This repo contains free guided browser scenarios for SRE and on-call practice.
The scenarios are clean-room training material. Learners use realistic incident-response workflows and real terminal commands where useful, while all services, alerts, logs, metrics, and evidence remain fictional.
| Scenario | Status | What learners practice | Link |
|---|---|---|---|
| API Error Rate Alert | Live | Alert triage, curl, Docker logs, grep, awk, severity, first stakeholder update |
https://killercoda.com/josuecross/scenario/sre-api-error-rate-triage |
| Kubernetes CrashLoopBackOff Triage | Live | kubectl status checks, pod events, logs, configuration comparison, fix-forward, recovery verification |
https://killercoda.com/josuecross/scenario/kubernetes-crashloopbackoff-triage |
| Queue Backlog / Worker Saturation Triage | Live | Queue metrics, worker logs, backlog trend, mitigation, drain verification, first stakeholder update | https://killercoda.com/josuecross/scenario/queue-backlog-worker-saturation |
| Deployment Mismatch / Rollback Decision Triage | Live | Health versus workflow behavior, release/config comparison, rollback decision, recovery verification, first stakeholder update | https://killercoda.com/josuecross/scenario/deployment-mismatch-rollback |
SRE On-Call Triage: API Error Rate Alert
https://killercoda.com/josuecross/scenario/sre-api-error-rate-triage
In this scenario, learners act as the on-call responder for TaskFlow Demo, inspect a running training API, reproduce intermittent 5xx failures, review logs, estimate impact, classify severity, and draft a first stakeholder update.

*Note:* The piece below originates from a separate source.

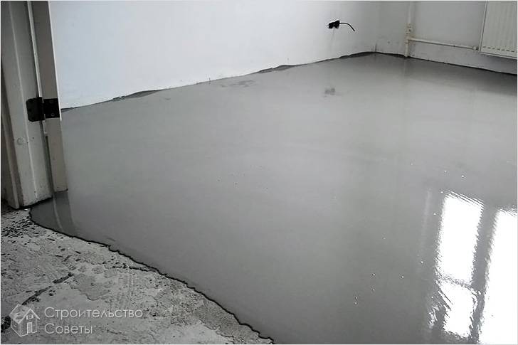 Согласно инструкции на упаковке сухую смесь защитного материала разводят в воде до образования однородной массы. При помощи валика или кисточки смесь наносится на пол. В углах для удобства можно использовать шпатель.
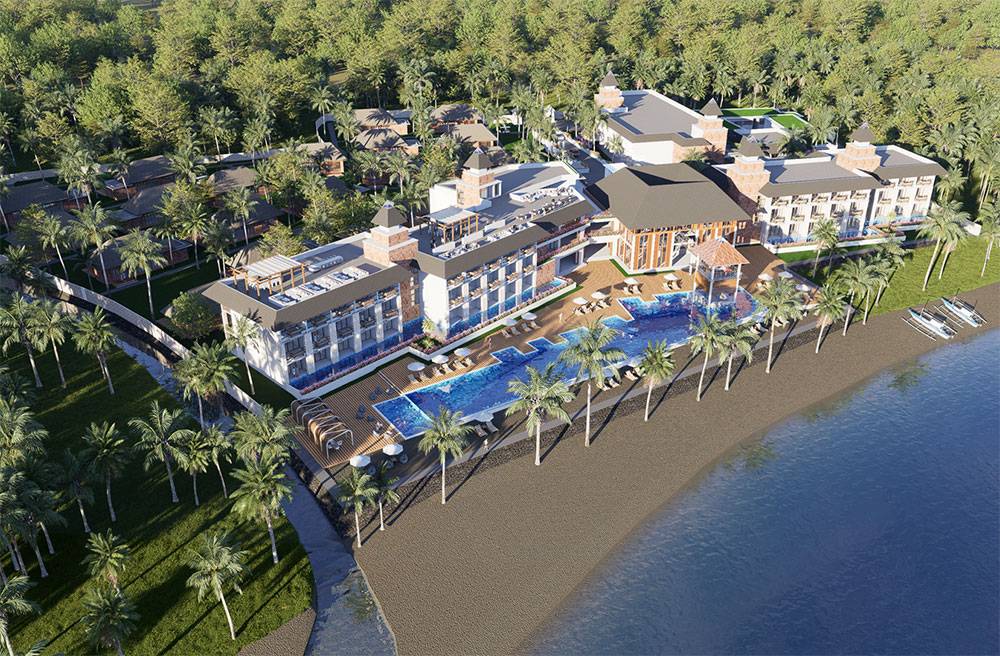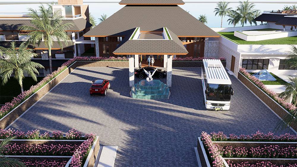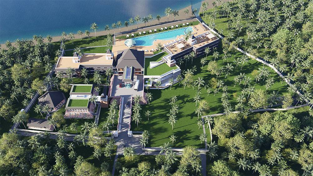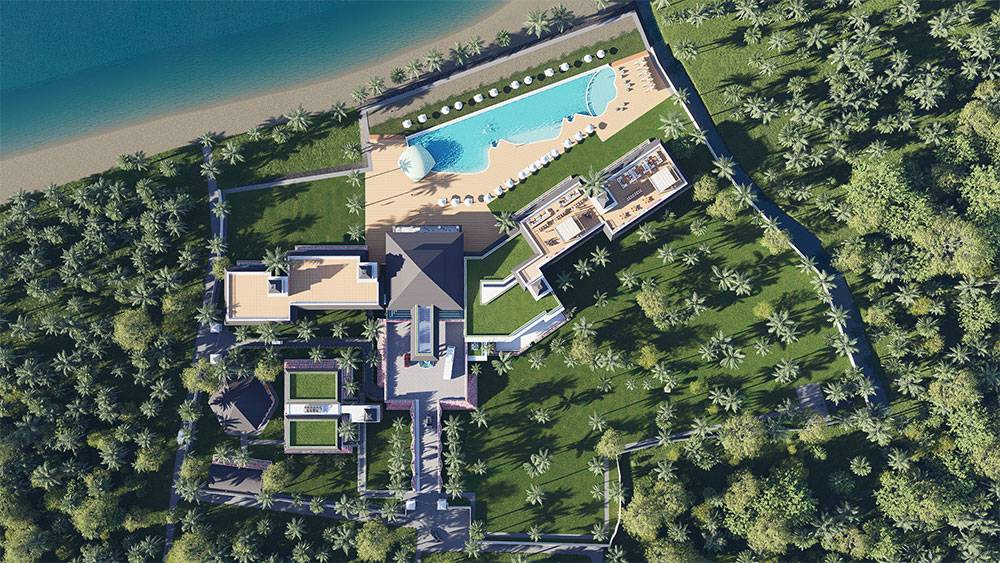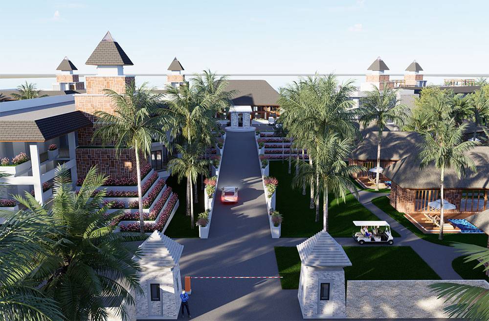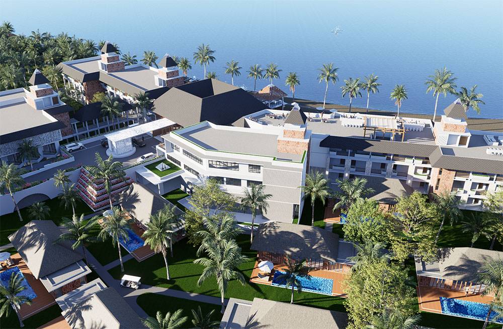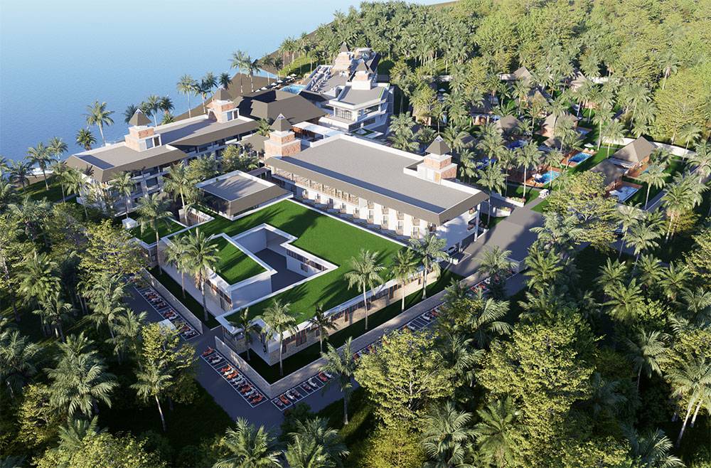 The masterplan is structured as a resort village, with hotel blocks, villa clusters, and communal facilities arranged along a clear axial arrival sequence that gently unfolds toward the sea. The beachfront zone is activated by pools, sun decks, and leisure terraces, while villas are set deeper within landscaped areas to ensure privacy and immersion in greenery. Circulation prioritizes walkability, allowing guests to experience the site at a relaxed, human pace.

Kubernetes CrashLoopBackOff Triage
https://killercoda.com/josuecross/scenario/kubernetes-crashloopbackoff-triage
In this scenario, learners inspect a CrashLoopBackOffing Kubernetes api-service, review events and logs, compare configuration expectations, apply a safe fix-forward, and verify recovery.
Queue Backlog / Worker Saturation Triage
https://killercoda.com/josuecross/scenario/queue-backlog-worker-saturation
In this scenario, learners inspect a growing async queue backlog, compare queue depth with worker capacity, apply a safe training mitigation, verify drain, and draft a first update.
Deployment Mismatch / Rollback Decision Triage
https://killercoda.com/josuecross/scenario/deployment-mismatch-rollback
In this scenario, learners compare health checks with workflow behavior, inspect release and runtime config, choose a rollback in a training context, verify recovery, and draft a first update.
- Noisy alert / false positive
- Weak postmortem action items
The paid companion pack is sold separately on Gumroad. It includes deeper written labs, answer keys, completed postmortems, portfolio guidance, and local practice materials.
Main paid companion pack:
https://cruzer480.gumroad.com/l/cwepcj
A lower-cost single CrashLoopBackOff kit is also available separately:
https://cruzer480.gumroad.com/l/sre-crashloopbackoff-kit
This public repo should not include paid answer keys, completed postmortems, portfolio guides, ZIP packages, or private companion-pack source files.
TaskFlow Demo and all scenario evidence are fictional training material. Do not add real incidents, real logs, real dashboards, tickets, chat messages, private runbooks, employer systems, customer names, or proprietary architecture to this repo.